Kenanga Research & Investment

RHB Bank Berhad - Boosted by Treasury Related Income

kiasutrader
Publish date: Tue, 27 Aug 2019, 10:03 AM

6M19 earnings came within our/market expectations on account of lower impairment allowances and improved fee-based income. While loans were above expectations, NII was dragged by higher NIM compression, which is expected to be stable in the remaining quarters this year. Nevertheless, our conservative assumptions, TP at RM6.05 and OUTPERFORM recommendation are maintained.

In line. 6M19 CNP of RM1.24b came in line with our/market expectations, accounting for 52% of both full-year estimates. A DPS of 12.5 sen was declared, implying a 40% payout (vs expectations of 35%).

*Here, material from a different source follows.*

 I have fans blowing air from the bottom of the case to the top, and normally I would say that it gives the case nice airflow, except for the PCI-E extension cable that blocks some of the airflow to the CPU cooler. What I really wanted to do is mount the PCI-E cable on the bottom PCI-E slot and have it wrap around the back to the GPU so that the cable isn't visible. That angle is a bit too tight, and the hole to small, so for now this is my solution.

NOII boosted by gains. YoY, CNP of RM1,245m (+8%) was supported by improved operating profit (+6%) to RM1,664m as impairment allowances fell 8% to RM168m and improvement in CIR by 60bps to 48.5%. Top-line at RM3,520m (moderating by 420bps to 3.9%) was supported by both Islamic banking income (+26%) and NOII (+8%). While improvement in Islamic banking income was supported by lower provisioning, NOII was supported by gains from investment securities (>+100% to RM292m). Despite loans at +6.8% (vs guidance/estimation of ~+5%) NII fell (-2.6%) due to falling NIM (-18bps to 2.06%) on higher funding costs (with longer tenure) from the OPR hike on Jan 18. Higher mixed of FDs (with longer tenure) and lower LDR also contributed to NIM compression.Asset improved as GIL fell 18bps to 2.15% with credit charge falling 3bps to 20bps (vs guidance/expectation of high teens).

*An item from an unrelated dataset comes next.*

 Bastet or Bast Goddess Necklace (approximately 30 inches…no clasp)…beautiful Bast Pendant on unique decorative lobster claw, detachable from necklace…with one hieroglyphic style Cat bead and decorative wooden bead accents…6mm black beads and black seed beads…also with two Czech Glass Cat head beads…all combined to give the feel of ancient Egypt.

QoQ, CNP fell 2% to RM615m with top-line soft (+2%) dragged by higher tax rate of 27%. NII was flattish dragged by falling NIM (-5bps) despite loans improving by 70bps to +1.4%. Moderation in both fee and other income dragged NOII (-3.5%) despite a 34% gain in investment securities to RM167m. While credit costs declined another 4bps to 0.18%, Q2 saw slight uptick in GIL (+3bps) to 2.15%.

Maintained target ROE of 10.5%. Management maintained its FY19E ROE of 10.5% (vs ours at 10%) with NOII expected to repeat its performance in 2H19 (mainly from revaluation gains - assuming another OPR cut and other one-offs gains). NIM is expected to hover around 2.13% (implying 10bps compression), given that re-pricing of funding costs are expected to come on-stream by Q3/Q4. Management expects loans to be on target (+5% YoY), driven by mortgage and SME but we do not discount an aggressive foray into PF (in the Islamic market space given its higher margins and lower provisioning. Credit charge is expected to be as guided (in high teens) with GIL to improve given that RM180m of the impaired loans under the R&R bracket and expected to improve GIL by 11bps by end of FY19E.

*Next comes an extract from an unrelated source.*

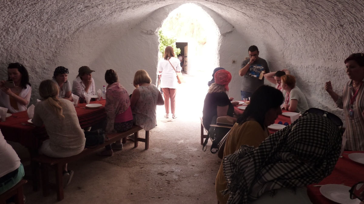 Excursia cu autocarul în Sahara tunisiană ne-a prilejuit, în prima zi, o experiență rară: prînzul berber, tradițional, din Matmata, localitate-oază la marginea deșertului. La hotelul cu restaurant Marhala, săpat în pămînt, ca toate locuințele troglodite din zonă, pentru un pic de răcoare, comparativ cu dogoarea soarelui de-afară. Un local foarte modest, dar curat, cu pereți orbi ca de peșteră, mese acoperite cu mușama și băncuțe învelite în preșuri ca la parastasele de la țară. Și, exact ca la pomană, meniu fix: cîte un brik, însoţit de o salată de castraveți, varză, roșii, o porție de cuș-cuș, cu pui, cartofi și morcovi, fierți, împreună, ca la saună (în marqa, vasul din lut corespondent tajine-ului marocan), și niște prăjiturele cu gem de curmale. Mîncarea a fost inclusă în prețul excursiei, băuturile le primeai, contra cost, la un tarif mai mult decît rezonabil, ținînd cont de locul în care te aflai: o bere locală Celtia la 0,33 l – 4 TND (un dinar tunisian e aproximativ 1,50 lei), o cola – 2 dinari. Dacă voiai apă, cred că era mai scumpă.

No revision to forecasts. Our FY19E/FY20E NP are maintained at RM2.4b/RM2.5b and we keep our conservative assumptions for both FYs:- (i) loans growth of <5%/~5.2% (unchanged), (ii) CIR at 49% (unchanged), (iii) 5-10bps compression/+3bps (unchanged), (iv) credit charge at 19bps (unchanged), and (v) ROE at 10% (unchanged).

TP maintained at RM6.05 based on a target 0.92x PBV FY20E (implying a 0.5SD below mean valuation) - to reflect potential risk from uncertainties ahead undermining fee-based income growth. We believe loans target is achievable given that its loans are skewed domestically with asset quality expected to be stable given its focus on retails. Reiterate OUTPERFORM as valuations remain undemanding.

Key risks to our call are: (i) steeper margin squeeze, (ii) higher-thanexpected loans & deposits growth, (iii) lower-than-expected rise in credit charge, and (iv) further slowdown in capital market activities.